Part 1: Chapter 3

84 3 36
                                    

George pov

I was at school.

I couldnt get my mind off of Clay, and I could tell my brother noticed.

I continued to glare at everyone I encountered, unable to stop myself.

Walking through the halls, I pulled my hood up over my brown hair, ignoring the ghost that walked beside me, a warm hand on my shoulder.

No one dared approach me, but I wished they would.

The fact that I was quiet didnt mean that I didnt want someone to talk to.

My introverted personality didnt excuse my longing for a friend.

I sit down on a bench outside, Ken walking around the trees lining the lawn peacefully, his hands in the pockets of the hoodie he died with.

I ignore him like I usually do, pulling out my phone and staring at the one contact on it.

Dream

I wanted to text him, but I didnt want to seem like I was trying to hard.

I didnt want to come off as awkward like the fucked up person I am.

I knew that my best bet was to just be myself, but I hadn't had a friend in years, and I wasn't able to read people's gestures very well.

I scoff to myself.

Pathetic.

If I wasn't able to talk to Clay, I wouldn't have a friend.

But I'd survived this long without one this long, I would be fine.

I don't need anything other than my usual routine to pass the time.

I didnt need anyone.

I'd make it by alone.

I had been on my own all this time.

Ken came and sat beside me, his wispy figure blowing and obscuring in the wind elegantly.

"You know I can't read your mind?" he says, his voice as echoey as ever.

"I know." I say. "I wouldn't want you to be able to."

"Oh, believe me, neither would I. However, I would like to know what you're thinking at times. I know I'm not really there, but I can still talk to you. And listen. So spill, dumbarse."

I look back at my phone as it shuts itself off in the time of my indescisiveness.

"No, I don't think I will." I say, deciding to be stubborn.

There's silence between us as we listen to the wind and watch the leaves fall off of the trees.

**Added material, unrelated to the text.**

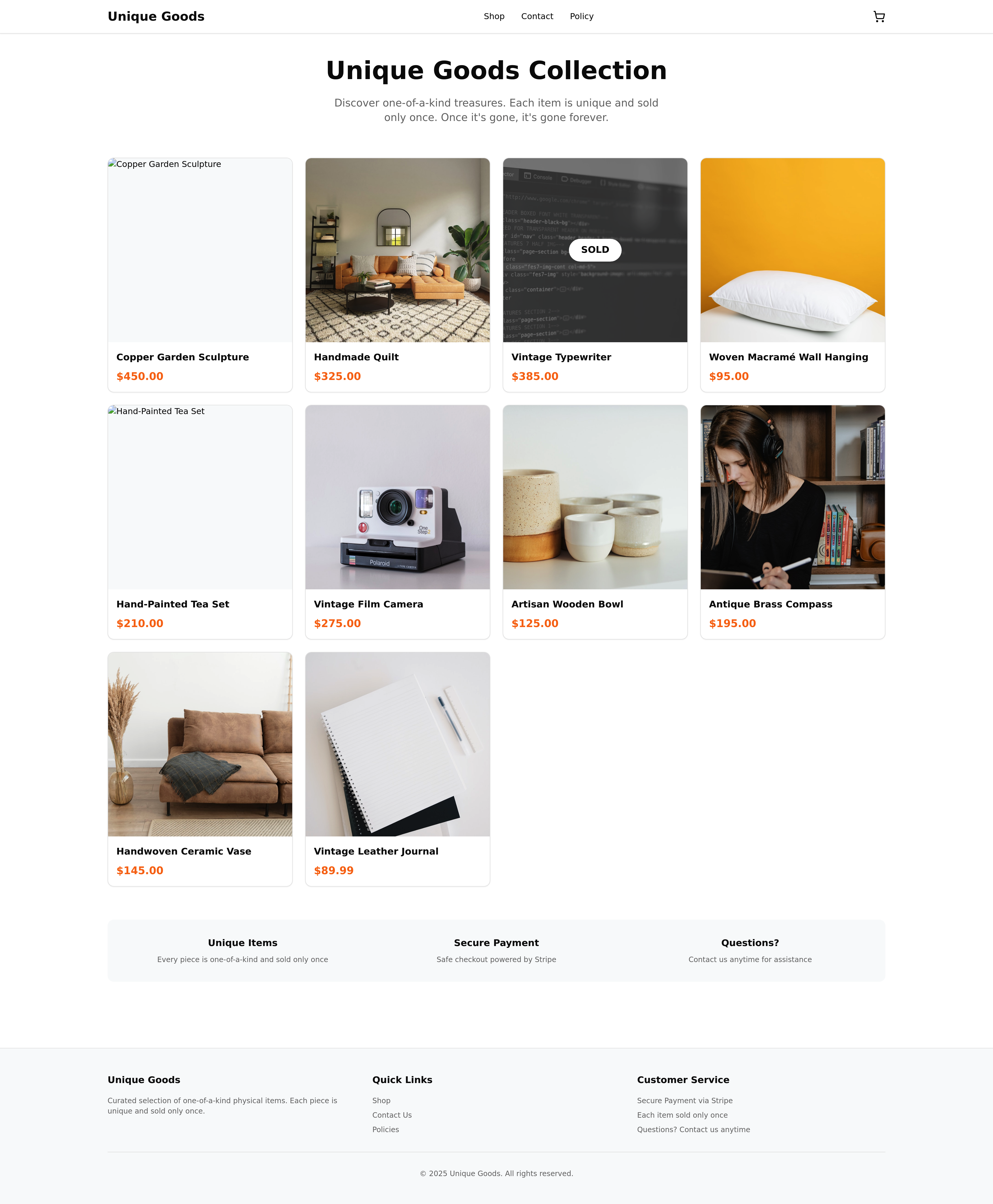 Launch your online store with this elegant e-commerce website template, designed for selling unique physical goods. Featuring a streamlined product showcase with dynamic image updates for sold items, a user-friendly customer form, and secure Stripe integration for all transactions. Perfect for artisans, boutiques, and individual sellers looking for a simple yet effective online presence.

"You should call him." Ken says out of nowhere, his red-brown hair forever blowing, into the ghost of his eyes and over his forehead.

I wished it would stop blowing for a few minutes so that we could sit in silence like we used to, still and content that we were together.

I didnt have that anymore.

I didnt have anything.

"I would rather not." I say. "Besides, that's the least of my worries."

"It should be your priority, actually." he says, responding almost immediately.

"Why?" I ask, peering into his dead eyes, the eyes that were incapable of emotion.

"Because, he might not have much more time. Same with you, of course. Take the opportunity."